> **EXERCISE GOAL**: When the listing below reaches the line that has "Vaiana, Easter Set, Metallic", start reproducing exactly; stop after the line that has "Kód produktu: 04500.16", and drop the pictures.

> **RECORDS FOR PROCESSING**:

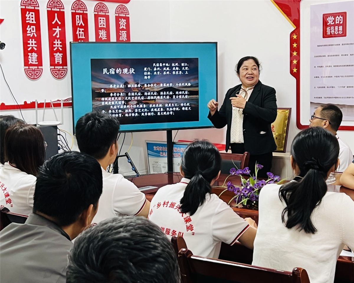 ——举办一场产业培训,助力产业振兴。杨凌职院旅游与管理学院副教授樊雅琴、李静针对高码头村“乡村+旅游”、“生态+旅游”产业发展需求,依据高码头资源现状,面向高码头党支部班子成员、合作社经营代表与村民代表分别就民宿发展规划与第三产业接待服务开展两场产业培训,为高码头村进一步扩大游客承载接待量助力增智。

==

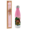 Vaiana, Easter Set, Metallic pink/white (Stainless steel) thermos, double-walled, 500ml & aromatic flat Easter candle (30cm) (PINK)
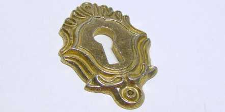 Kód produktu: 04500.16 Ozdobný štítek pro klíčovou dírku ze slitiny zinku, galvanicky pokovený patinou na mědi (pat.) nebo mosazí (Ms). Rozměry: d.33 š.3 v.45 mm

> **TASK RESPONSE**:
 Vaiana, Easter Set, Metallic pink/white (Stainless steel) thermos, double-walled, 500ml & aromatic flat Easter candle (30cm) (PINK)
 Kód produktu: 04500.16 Ozdobný štítek pro klíčovou dírku ze slitiny zinku, galvanicky pokovený patinou na mědi (pat.) nebo mosazí (Ms). Rozměry: d.33 š.3 v.45 mm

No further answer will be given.